Two of the changes deal with the
Deadlines
box. One, made by JMW, is the strike-through for the 2034 date. Connor taps that balloon, and a date pops up showing when the edit was made—three days ago, just before my meeting with Julia.
It’s the second balloon that’s interesting, however. It was edited by JMW at the same time, but instead of the four question marks that are now showing, it once held a specific date:
12252015
.
I give Connor a nervous glance. “Saul can’t use the key. And from everything I’ve seen, I really do think he’d want to be there to survey his handiwork in person. Maybe Julia removed that date because she realized he couldn’t possibly be planning for the Culling to happen that quickly.”
Connor must hear the hopeful note in my voice, because his eyes soften. “Maybe. Or maybe she’s worried it’s going to happen sooner.”

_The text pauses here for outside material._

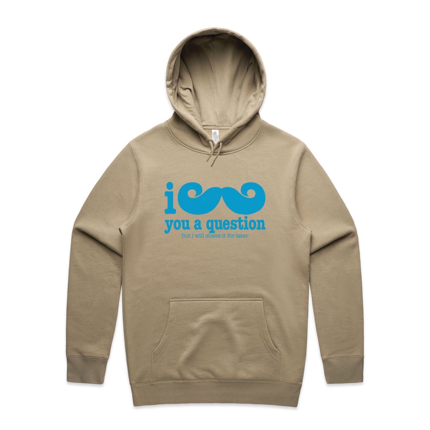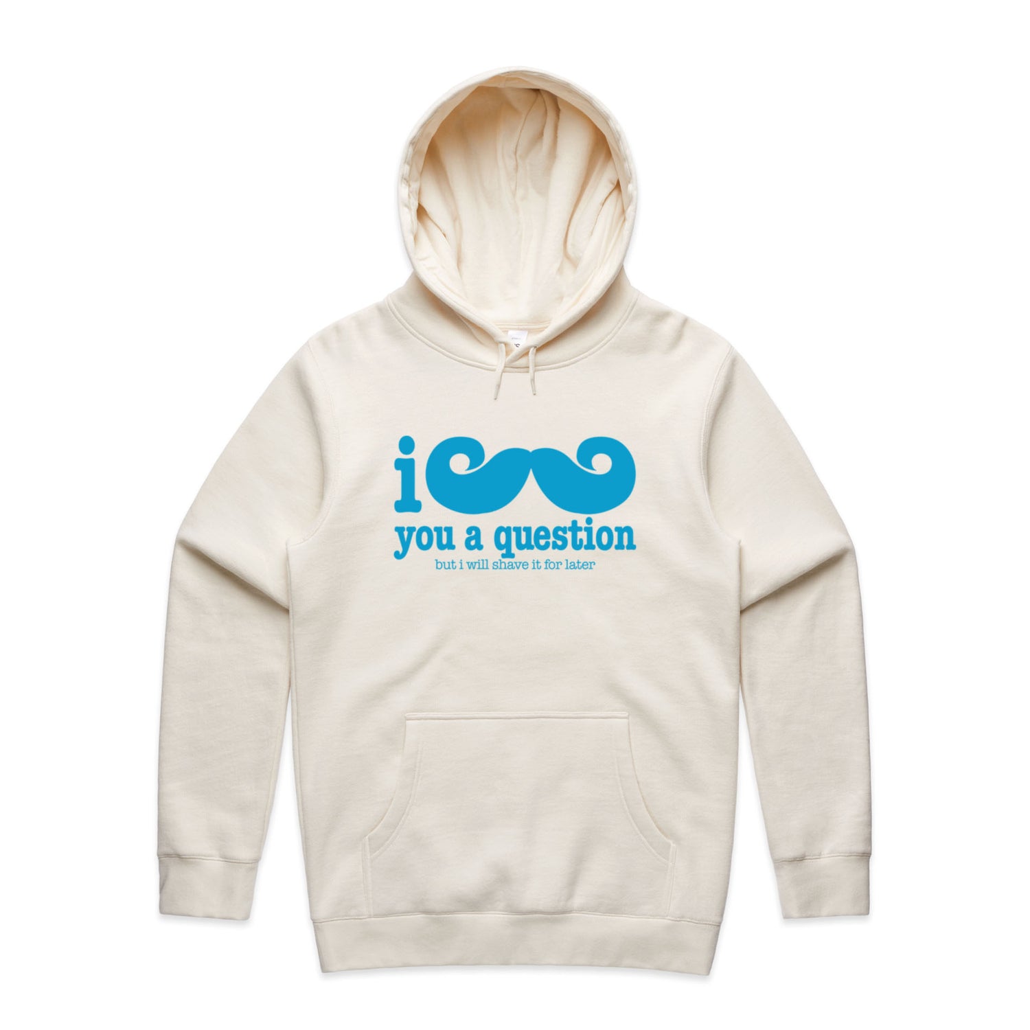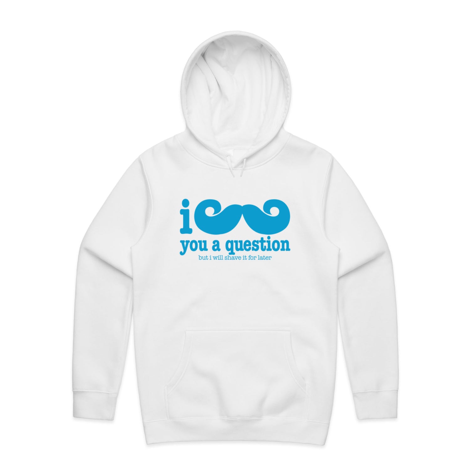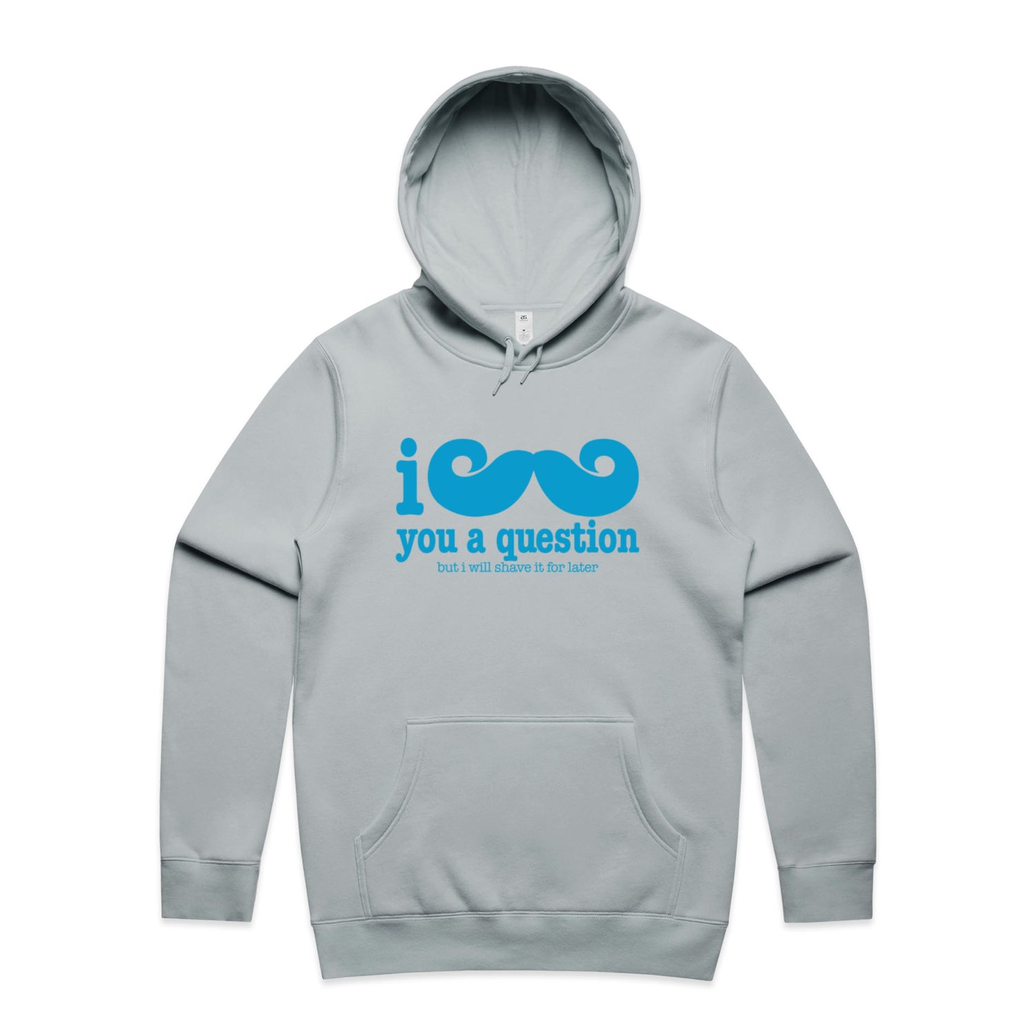 Get ready to tickle your funny bone and your fashion sense with TheHoodie's "I Mustache You a Question" Unisex Hooded Sweatshirt. This isn't just any hoodie – it’s your new go-to for laughs and laid-back style. With its cheeky blue ink print, you'll be cutting a dash everywhere you go, whether you're grabbing a flat white or chilling with your mates.

Connor and Katherine go to bed around eleven, and I spend the next few hours in Katherine’s library combing through the books and files that have been protected by a CHRONOS field. There’s a good deal of information about Houdini’s life in the pre-Cyrist timeline, most of it identical to what Trey and I found last night on the web. The only thing that stands out as markedly different is a description of the book on the friendship between Houdini and Arthur Conan Doyle. Katherine doesn’t have an actual copy, just a review published in a history journal, but it mentions a falling out between Houdini and Doyle that wrecked their friendship. It’s supposedly a key point of the book, and I’m certain the sections I skimmed last night said they remained very close.
I spend the rest of my time poring over files that Connor collected. He found nothing about a “Fifth Column” in conjunction with the Cyrists, only generic mentions of fifth columns in various wars and in some TV series about aliens. A few rumors exist about an anti-Cyrist alliance within the government, but mostly on conspiracy theory websites, next to stories claiming the moon landing was fake, UFOs control our minds through microwave signals, and the Illuminati control everything else.